(Beginning of Listed entries)

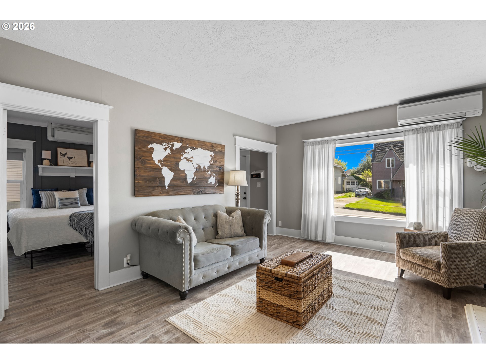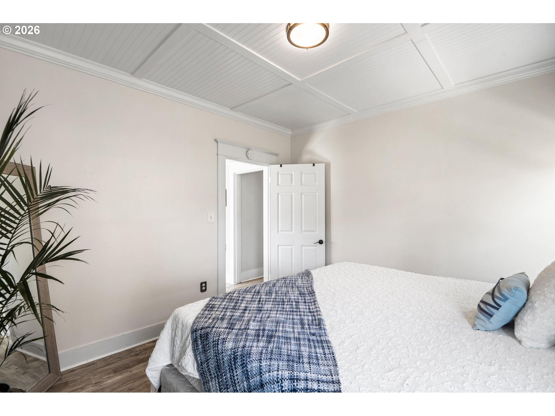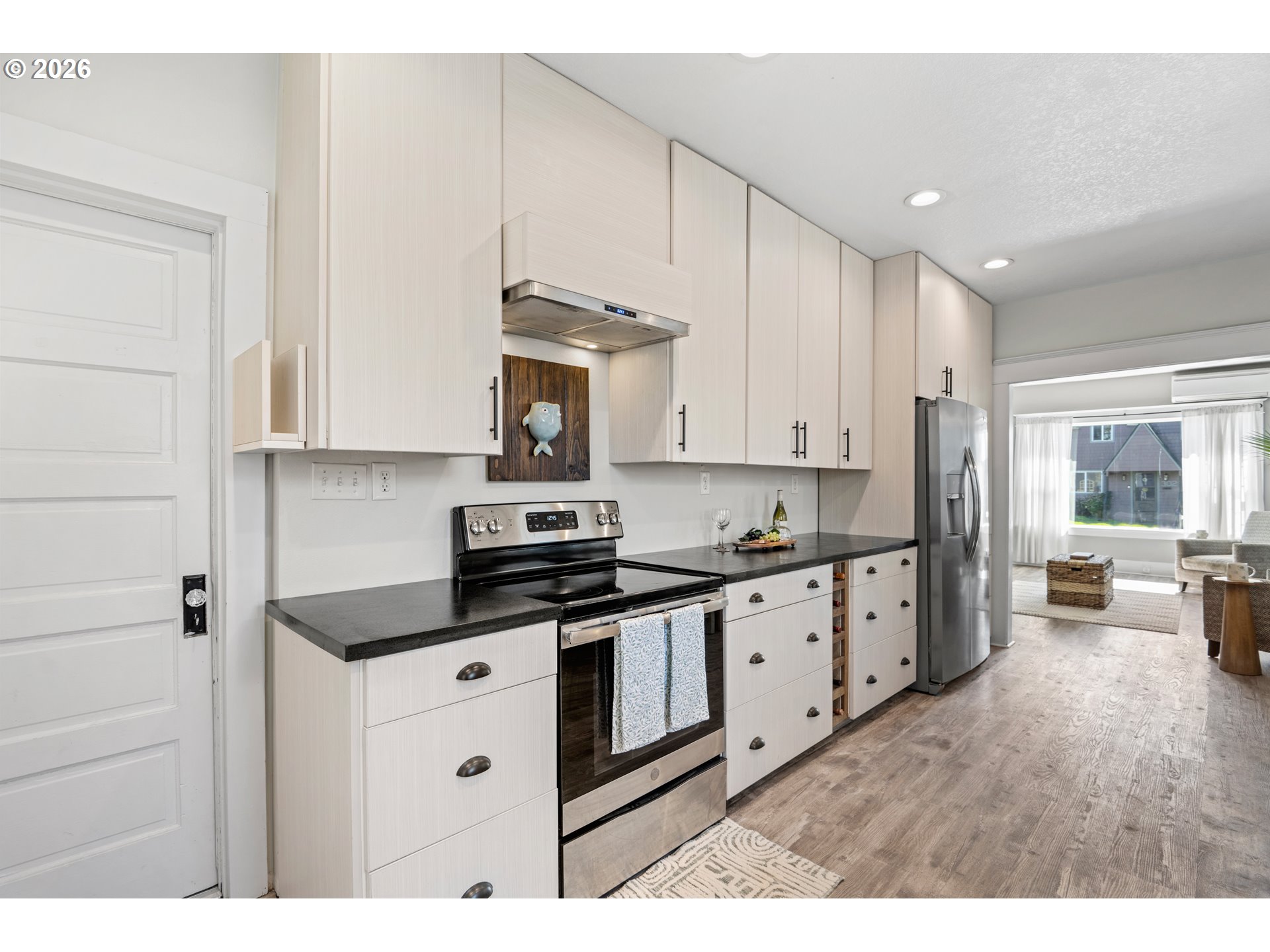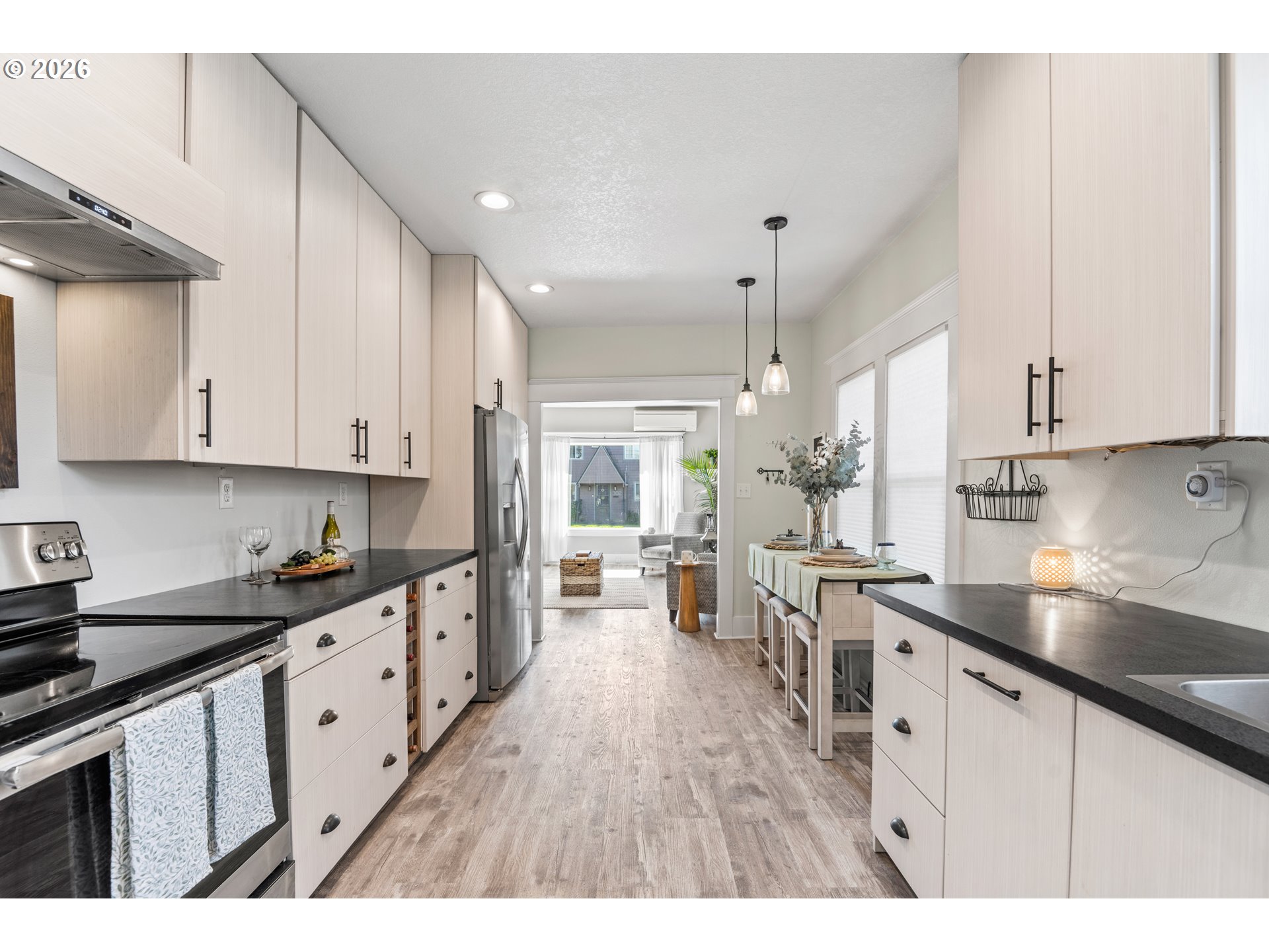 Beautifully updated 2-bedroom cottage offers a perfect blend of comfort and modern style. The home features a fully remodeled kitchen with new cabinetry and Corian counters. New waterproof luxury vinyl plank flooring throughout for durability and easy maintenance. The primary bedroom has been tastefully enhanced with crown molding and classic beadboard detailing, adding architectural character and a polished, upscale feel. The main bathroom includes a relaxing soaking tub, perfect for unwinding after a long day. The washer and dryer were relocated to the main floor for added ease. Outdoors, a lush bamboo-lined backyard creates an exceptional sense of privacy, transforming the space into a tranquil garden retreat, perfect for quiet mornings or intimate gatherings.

(End of Listed entries)
(Beginning of Listed entries)

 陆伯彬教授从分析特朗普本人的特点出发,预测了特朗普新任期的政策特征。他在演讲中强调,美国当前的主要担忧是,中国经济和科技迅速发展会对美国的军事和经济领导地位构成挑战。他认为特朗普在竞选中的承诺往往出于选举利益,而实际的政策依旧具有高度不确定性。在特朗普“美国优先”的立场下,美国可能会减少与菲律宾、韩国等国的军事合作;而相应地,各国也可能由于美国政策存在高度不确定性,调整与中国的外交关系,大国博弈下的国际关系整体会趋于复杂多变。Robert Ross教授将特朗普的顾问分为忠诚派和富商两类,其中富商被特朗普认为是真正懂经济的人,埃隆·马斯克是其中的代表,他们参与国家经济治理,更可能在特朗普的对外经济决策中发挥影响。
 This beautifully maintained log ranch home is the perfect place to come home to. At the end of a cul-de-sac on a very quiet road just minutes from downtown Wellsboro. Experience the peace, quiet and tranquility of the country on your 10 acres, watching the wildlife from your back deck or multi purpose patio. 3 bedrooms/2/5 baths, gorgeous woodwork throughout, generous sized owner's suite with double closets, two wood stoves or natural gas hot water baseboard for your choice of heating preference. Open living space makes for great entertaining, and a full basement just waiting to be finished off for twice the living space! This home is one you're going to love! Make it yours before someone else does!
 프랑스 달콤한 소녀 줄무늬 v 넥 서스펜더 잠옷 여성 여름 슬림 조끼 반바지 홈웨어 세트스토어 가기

(End of Listed entries)
(Beginning of Listed entries)

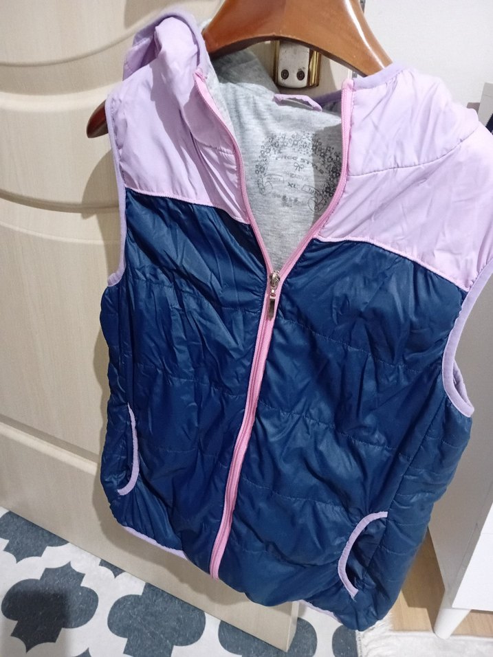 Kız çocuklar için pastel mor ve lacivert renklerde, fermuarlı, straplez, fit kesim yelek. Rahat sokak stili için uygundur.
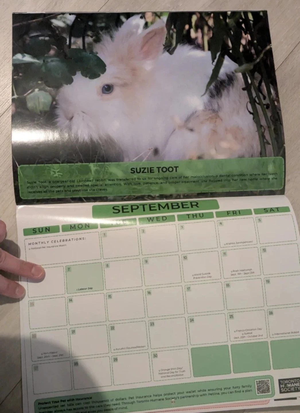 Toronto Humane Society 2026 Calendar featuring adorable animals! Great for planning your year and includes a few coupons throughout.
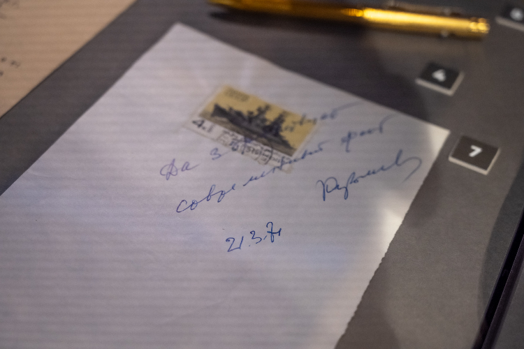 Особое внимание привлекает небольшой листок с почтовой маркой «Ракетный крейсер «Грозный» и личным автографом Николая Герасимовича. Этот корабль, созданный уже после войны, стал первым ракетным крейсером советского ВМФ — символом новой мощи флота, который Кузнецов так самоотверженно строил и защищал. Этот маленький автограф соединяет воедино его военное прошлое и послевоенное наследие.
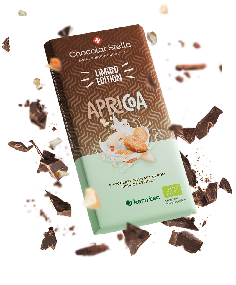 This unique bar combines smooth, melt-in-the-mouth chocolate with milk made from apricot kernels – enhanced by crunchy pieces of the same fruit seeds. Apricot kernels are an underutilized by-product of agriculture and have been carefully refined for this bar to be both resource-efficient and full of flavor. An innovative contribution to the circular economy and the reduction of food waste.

(End of Listed entries)

- **The task**
Could you write out exactly the lines of the data above that run from the one holding "Kız çocuklar için" to the one holding "This unique bar", with both ends in and all pictures out?

- **Result**
 Kız çocuklar için pastel mor ve lacivert renklerde, fermuarlı, straplez, fit kesim yelek. Rahat sokak stili için uygundur.
 Toronto Humane Society 2026 Calendar featuring adorable animals! Great for planning your year and includes a few coupons throughout.
 Особое внимание привлекает небольшой листок с почтовой маркой «Ракетный крейсер «Грозный» и личным автографом Николая Герасимовича. Этот корабль, созданный уже после войны, стал первым ракетным крейсером советского ВМФ — символом новой мощи флота, который Кузнецов так самоотверженно строил и защищал. Этот маленький автограф соединяет воедино его военное прошлое и послевоенное наследие.
 This unique bar combines smooth, melt-in-the-mouth chocolate with milk made from apricot kernels – enhanced by crunchy pieces of the same fruit seeds. Apricot kernels are an underutilized by-product of agriculture and have been carefully refined for this bar to be both resource-efficient and full of flavor. An innovative contribution to the circular economy and the reduction of food waste.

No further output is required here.